Chapter Text
Esta historia comienza en la víspera de Noche Buena, en la casa de Francisca Imelda.
La casona estaba muy silenciosa, incluso se sentía vacía. La abuela se había ido a la posada en la casa de la familia Villalobos; y Francisca no podía ir porque estaba castigada (no era su culpa que el hijo de esa familia fuera un malnacido esconde-libros y se mereciera un golpe en la panza y una patada en la espinilla, y su primo Gonzalo, un jalón de greñas). La otra parte de su castigo, era quedarse sin tinta: Francisca no tenía permiso de comprar ni una sola gota de tinta hasta el año nuevo (y debía pedirle perdón a Santiago y a su primo, pero eso a lo había arreglado: pidió perdón a la señora madre de Santiago, y esta hizo que él tuviera que disculparse también por ser descortés).

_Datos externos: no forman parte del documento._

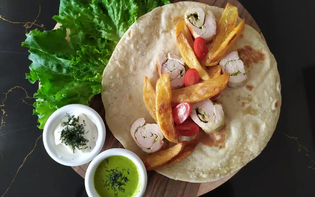 Ефектът на този начин на приготвяне на картофите е, че поемат малко мазнина, но стават хрупкави и вкусни като пържените. Ако завиването на роле ви се струва сложно, може да мариновате пилешкото в магданозеното песто, да го нарежете на парченца и да го приготвите на плоча или тиган като пилешко шишче.

¡Ese era el castigo más injusto de la entintada vida! Ese niño podía robarle sus cuentos, esconderlos y hacerla sufrir, y, ahora, ¿era ella la que debía sufrir más, sin poder escribir? ¡Pues no! No les daría ese gusto ¿Y cómo? Simple: solo debía usar su tinta con cuidado; escribiría poco a poquito, con letras chiquitas y pensando muy bien antes de escribir para no tachar nada. Seguro que podría hacer rendir lo que le quedaba en el tintero hasta año nuevo ¿Y si no era posible? ¿Y si se quedaba sin tinta antes de tiempo y no podía soportarlo? Ah, pues, si fuera necesario…, le robaría un lápiz al carpintero cuando fueran al mercado (pero solo si fuera necesario ¿eh?)
Después del atardecer, luego de que sus hermanos y su padre regresaran de la mina, y pasada la hora de la cena, Francisca aprovechó el tiempo para continuar con una de sus historias, una que se sentía como una perfecta venganza contra el sinvergüenza de Santiago Villlalobos y Reyes (a quien, no era que le deseara el mal, pero…, le encantaría que se cayera sobre la popó de los caballos cuando fuera al teatro… y que hubiera casa llena). En su historia, había una criatura que juzgaba a los niños antes de Navidad: tomaba las acciones pasadas de su pecho, como pedazos de leña o carbón, y las ponía en una hoguera, si no lograban encender un buen fuego, era porque sus acciones habían sido reprobables y dejaban los combustibles mojados con las lágrimas de aquellos a los que hicieron sufrir; quienes no pasaban la prueba y no aprendían su lección, eran convertidos en árboles que, quizá, algún día podrían compensar sus malas acciones siendo la leña de una cálida fogata.
Y aquella historia aún no estaba terminada, así que…
Escribió en el suelo, a la luz de una vela que, constantemente, parecía estar a punto de apagarse (los trazos de las letras se mantenían firmes y decididos a pesar de lo incómodo que era sostener la pluma con las manos frías y tiritando) hasta quedarse dormida con la pluma en la mano y el tintero ligeramente inclinado.
En el momento en el que la vela, finalmente, se apagó, un visitante furtivo aprovechó para tomar de sus manos la libreta en la que estaba plasmada la historia…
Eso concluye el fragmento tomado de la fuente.